--- ACTIVITY ---
I would like the lines below, from the one with "水郷風(fēng)習(xí)" through the one with "Cute little girl with painted hands", copied exactly and without any pictures.

--- RECORDED INFORMATION ---
━━━━━━━━━━━━━━━━
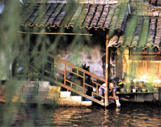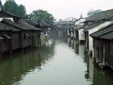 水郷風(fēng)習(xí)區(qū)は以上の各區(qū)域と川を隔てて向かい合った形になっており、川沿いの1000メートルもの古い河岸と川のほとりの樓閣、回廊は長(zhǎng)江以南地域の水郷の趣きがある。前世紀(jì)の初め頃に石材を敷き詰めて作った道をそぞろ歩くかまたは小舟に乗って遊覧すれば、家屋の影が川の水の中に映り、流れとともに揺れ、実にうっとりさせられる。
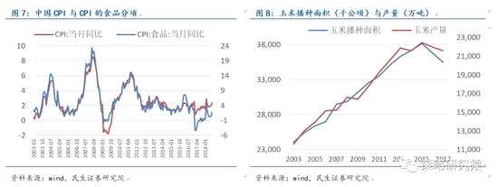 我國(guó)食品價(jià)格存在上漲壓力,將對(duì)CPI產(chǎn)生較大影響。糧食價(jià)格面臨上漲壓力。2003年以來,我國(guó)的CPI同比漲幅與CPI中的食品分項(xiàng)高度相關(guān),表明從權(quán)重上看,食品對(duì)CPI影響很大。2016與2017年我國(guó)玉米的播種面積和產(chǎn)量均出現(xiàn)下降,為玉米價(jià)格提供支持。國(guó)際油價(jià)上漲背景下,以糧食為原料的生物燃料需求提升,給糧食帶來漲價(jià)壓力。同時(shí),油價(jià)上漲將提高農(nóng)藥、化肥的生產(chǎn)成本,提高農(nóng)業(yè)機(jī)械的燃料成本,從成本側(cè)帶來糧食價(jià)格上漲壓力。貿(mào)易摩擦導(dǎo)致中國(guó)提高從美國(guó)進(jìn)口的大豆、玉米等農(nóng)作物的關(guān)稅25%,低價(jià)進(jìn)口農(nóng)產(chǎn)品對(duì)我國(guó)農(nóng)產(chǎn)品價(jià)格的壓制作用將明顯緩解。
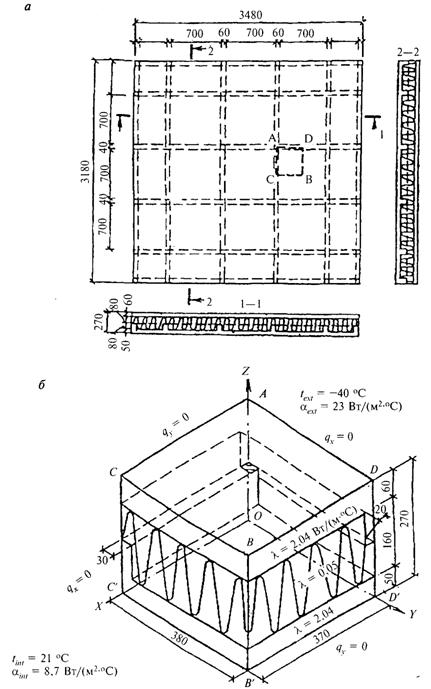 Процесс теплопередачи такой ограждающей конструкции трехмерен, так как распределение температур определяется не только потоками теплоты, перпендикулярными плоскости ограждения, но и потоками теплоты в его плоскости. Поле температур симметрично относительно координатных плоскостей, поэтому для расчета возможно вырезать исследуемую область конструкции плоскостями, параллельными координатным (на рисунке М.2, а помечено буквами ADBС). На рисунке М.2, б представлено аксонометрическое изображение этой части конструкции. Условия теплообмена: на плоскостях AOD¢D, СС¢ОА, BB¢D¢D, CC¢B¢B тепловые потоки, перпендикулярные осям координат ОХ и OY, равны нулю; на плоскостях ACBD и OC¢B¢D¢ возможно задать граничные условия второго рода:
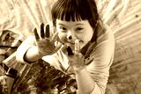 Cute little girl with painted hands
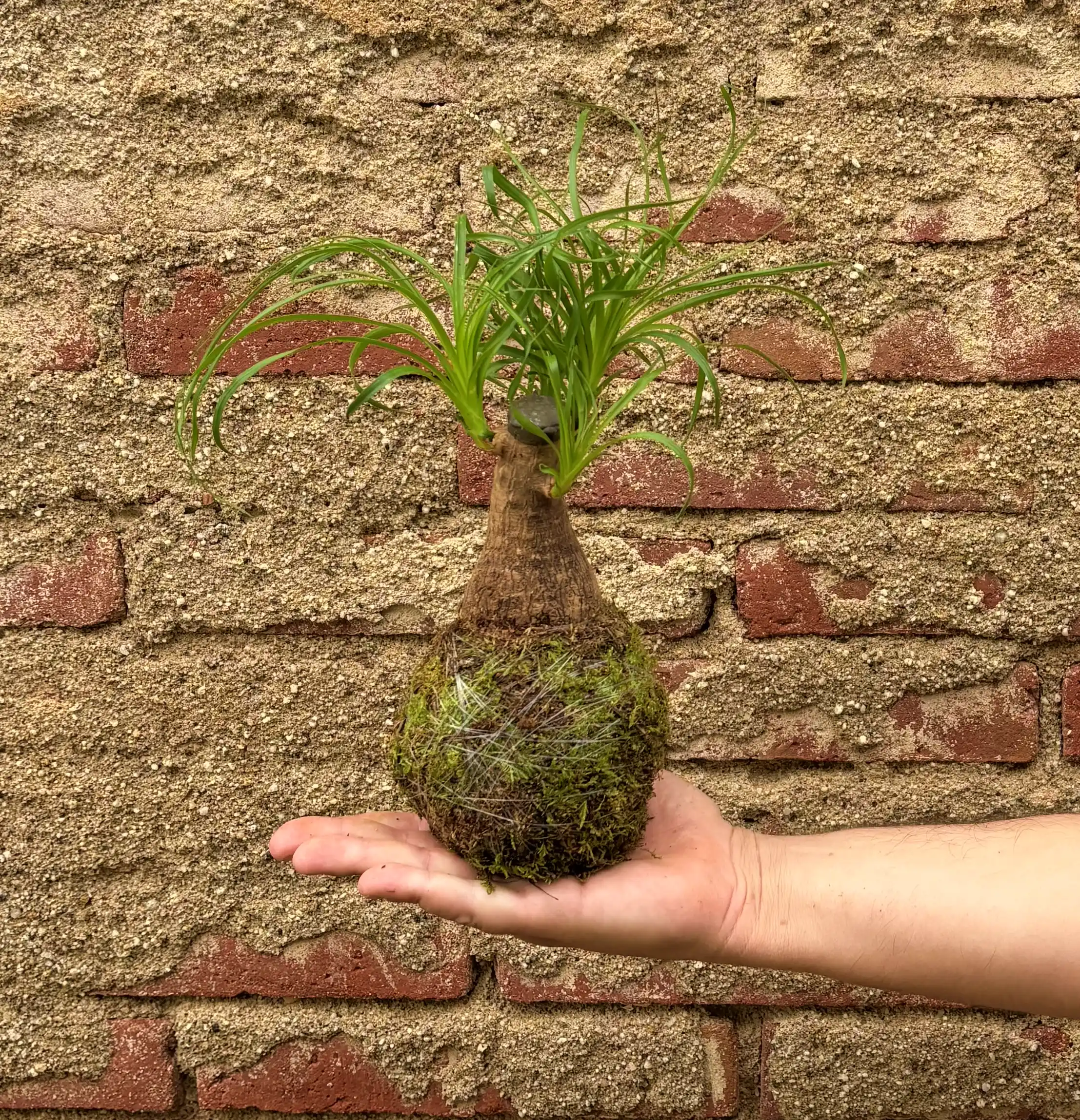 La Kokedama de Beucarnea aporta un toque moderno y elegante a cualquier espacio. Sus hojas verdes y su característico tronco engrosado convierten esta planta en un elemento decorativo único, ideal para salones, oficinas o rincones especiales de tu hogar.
━━━━━━━━━━━━━━━━
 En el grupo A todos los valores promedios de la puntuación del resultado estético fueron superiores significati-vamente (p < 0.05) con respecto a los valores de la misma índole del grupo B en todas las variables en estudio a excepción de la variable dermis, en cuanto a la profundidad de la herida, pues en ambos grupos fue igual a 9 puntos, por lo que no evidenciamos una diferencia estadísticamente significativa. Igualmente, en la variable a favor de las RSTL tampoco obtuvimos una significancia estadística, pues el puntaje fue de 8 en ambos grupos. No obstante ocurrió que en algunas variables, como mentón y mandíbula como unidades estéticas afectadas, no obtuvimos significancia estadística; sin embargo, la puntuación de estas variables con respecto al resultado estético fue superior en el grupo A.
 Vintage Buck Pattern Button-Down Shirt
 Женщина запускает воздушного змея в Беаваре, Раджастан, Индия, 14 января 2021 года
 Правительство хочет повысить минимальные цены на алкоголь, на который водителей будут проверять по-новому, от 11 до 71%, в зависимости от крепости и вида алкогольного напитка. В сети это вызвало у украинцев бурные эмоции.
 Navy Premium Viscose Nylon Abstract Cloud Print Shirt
━━━━━━━━━━━━━━━━
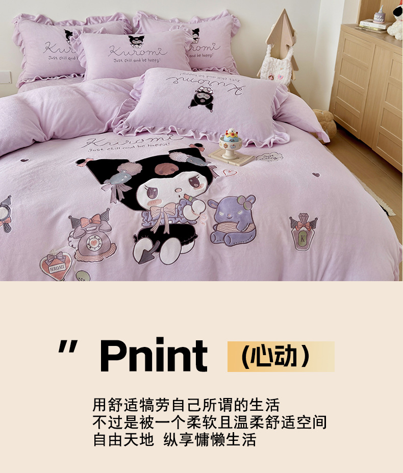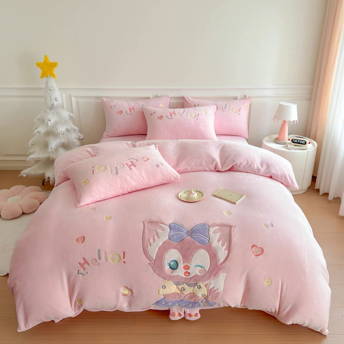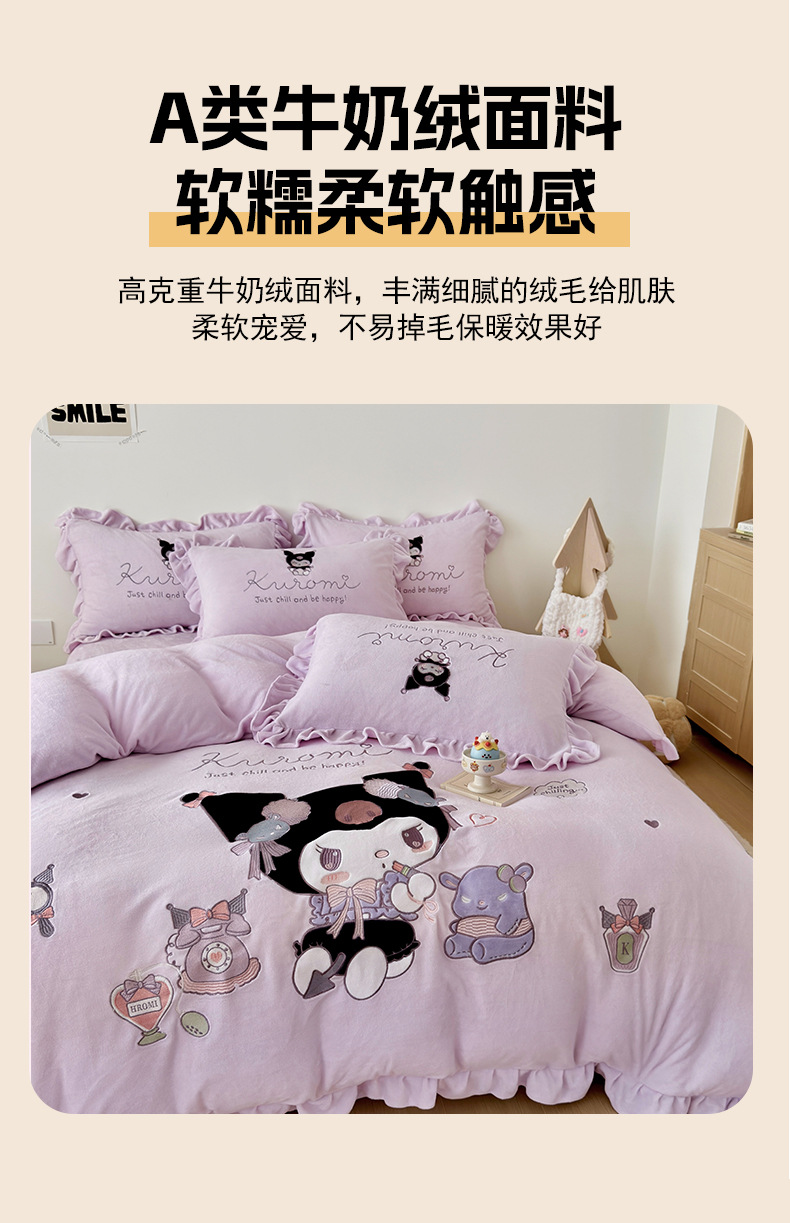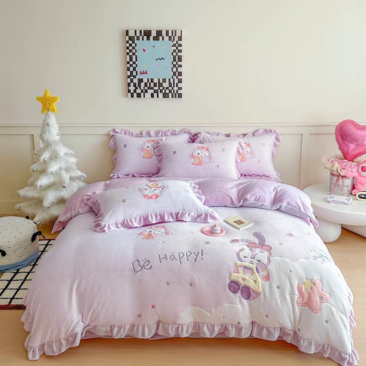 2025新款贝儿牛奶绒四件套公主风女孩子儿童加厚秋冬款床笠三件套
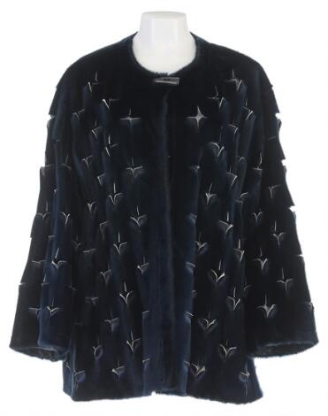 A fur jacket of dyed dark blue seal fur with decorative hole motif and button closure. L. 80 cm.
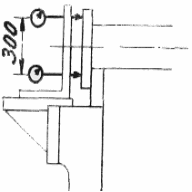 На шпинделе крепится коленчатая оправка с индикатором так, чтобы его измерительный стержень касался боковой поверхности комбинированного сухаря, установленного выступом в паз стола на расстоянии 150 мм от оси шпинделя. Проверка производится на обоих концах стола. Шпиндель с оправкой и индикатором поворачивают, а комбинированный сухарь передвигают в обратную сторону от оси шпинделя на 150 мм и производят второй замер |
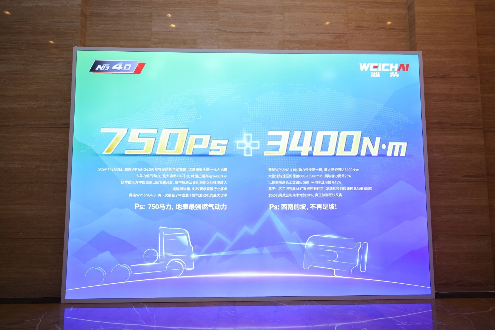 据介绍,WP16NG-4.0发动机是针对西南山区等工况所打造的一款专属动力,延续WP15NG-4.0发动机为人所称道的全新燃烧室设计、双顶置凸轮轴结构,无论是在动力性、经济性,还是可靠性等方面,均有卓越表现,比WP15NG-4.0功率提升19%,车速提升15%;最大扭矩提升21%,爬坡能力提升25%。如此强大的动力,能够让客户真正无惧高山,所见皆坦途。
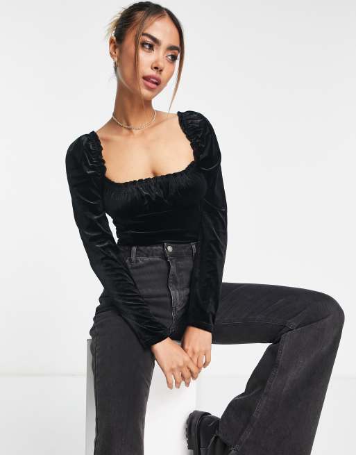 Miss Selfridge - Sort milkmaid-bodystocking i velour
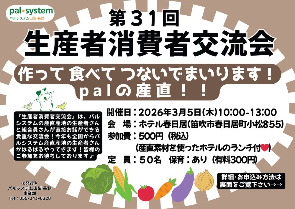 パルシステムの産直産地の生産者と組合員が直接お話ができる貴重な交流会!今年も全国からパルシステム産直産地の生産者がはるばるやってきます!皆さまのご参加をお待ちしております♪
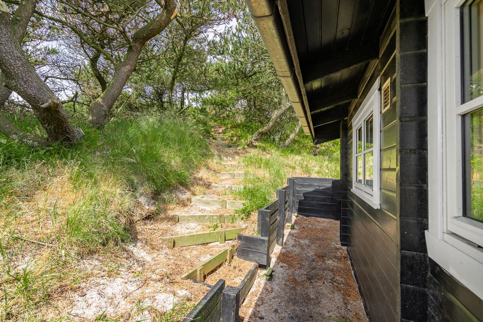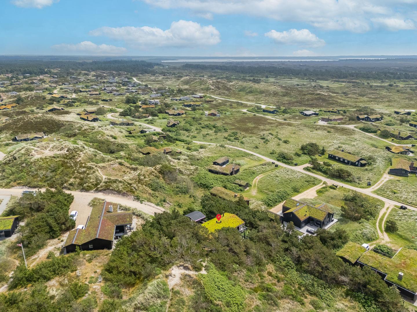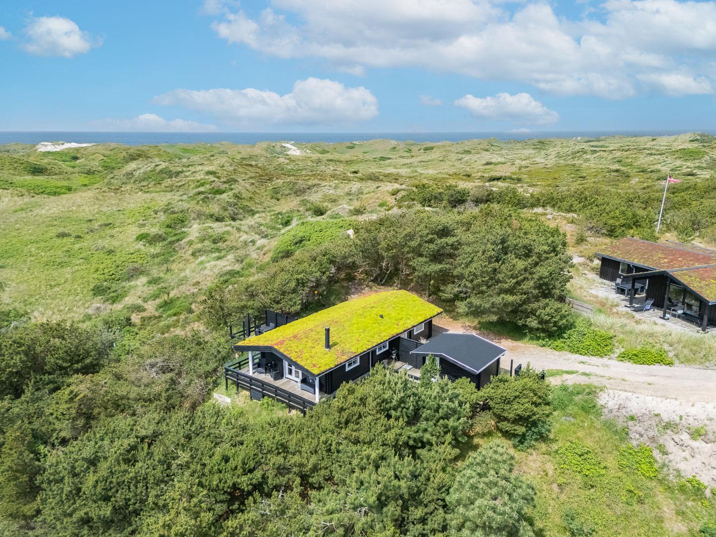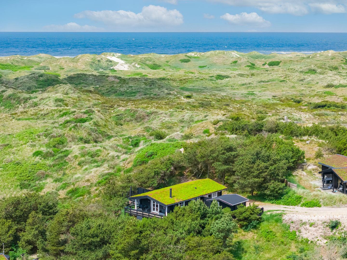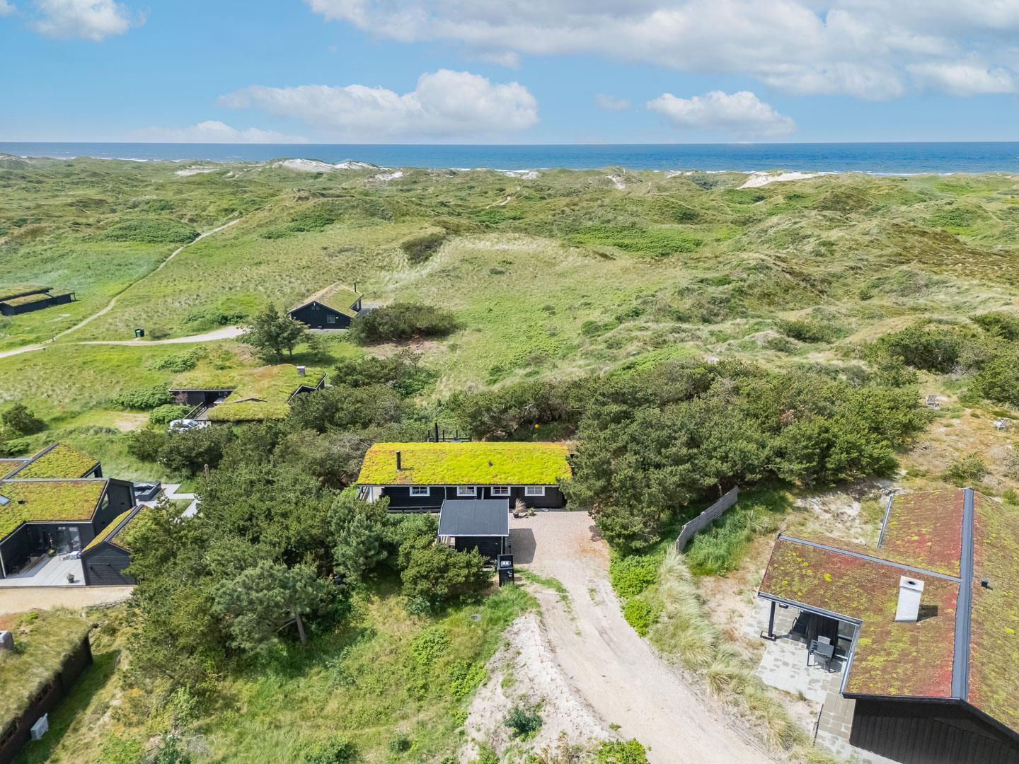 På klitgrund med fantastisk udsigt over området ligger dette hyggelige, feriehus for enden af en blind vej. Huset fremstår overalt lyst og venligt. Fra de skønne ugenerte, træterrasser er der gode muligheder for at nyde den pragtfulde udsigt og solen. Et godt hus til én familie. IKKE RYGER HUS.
━━━━━━━━━━━━━━━━
--- RESPONSE ---
 水郷風(fēng)習(xí)區(qū)は以上の各區(qū)域と川を隔てて向かい合った形になっており、川沿いの1000メートルもの古い河岸と川のほとりの樓閣、回廊は長(zhǎng)江以南地域の水郷の趣きがある。前世紀(jì)の初め頃に石材を敷き詰めて作った道をそぞろ歩くかまたは小舟に乗って遊覧すれば、家屋の影が川の水の中に映り、流れとともに揺れ、実にうっとりさせられる。
 我國(guó)食品價(jià)格存在上漲壓力,將對(duì)CPI產(chǎn)生較大影響。糧食價(jià)格面臨上漲壓力。2003年以來,我國(guó)的CPI同比漲幅與CPI中的食品分項(xiàng)高度相關(guān),表明從權(quán)重上看,食品對(duì)CPI影響很大。2016與2017年我國(guó)玉米的播種面積和產(chǎn)量均出現(xiàn)下降,為玉米價(jià)格提供支持。國(guó)際油價(jià)上漲背景下,以糧食為原料的生物燃料需求提升,給糧食帶來漲價(jià)壓力。同時(shí),油價(jià)上漲將提高農(nóng)藥、化肥的生產(chǎn)成本,提高農(nóng)業(yè)機(jī)械的燃料成本,從成本側(cè)帶來糧食價(jià)格上漲壓力。貿(mào)易摩擦導(dǎo)致中國(guó)提高從美國(guó)進(jìn)口的大豆、玉米等農(nóng)作物的關(guān)稅25%,低價(jià)進(jìn)口農(nóng)產(chǎn)品對(duì)我國(guó)農(nóng)產(chǎn)品價(jià)格的壓制作用將明顯緩解。
 Процесс теплопередачи такой ограждающей конструкции трехмерен, так как распределение температур определяется не только потоками теплоты, перпендикулярными плоскости ограждения, но и потоками теплоты в его плоскости. Поле температур симметрично относительно координатных плоскостей, поэтому для расчета возможно вырезать исследуемую область конструкции плоскостями, параллельными координатным (на рисунке М.2, а помечено буквами ADBС). На рисунке М.2, б представлено аксонометрическое изображение этой части конструкции. Условия теплообмена: на плоскостях AOD¢D, СС¢ОА, BB¢D¢D, CC¢B¢B тепловые потоки, перпендикулярные осям координат ОХ и OY, равны нулю; на плоскостях ACBD и OC¢B¢D¢ возможно задать граничные условия второго рода:
 Cute little girl with painted hands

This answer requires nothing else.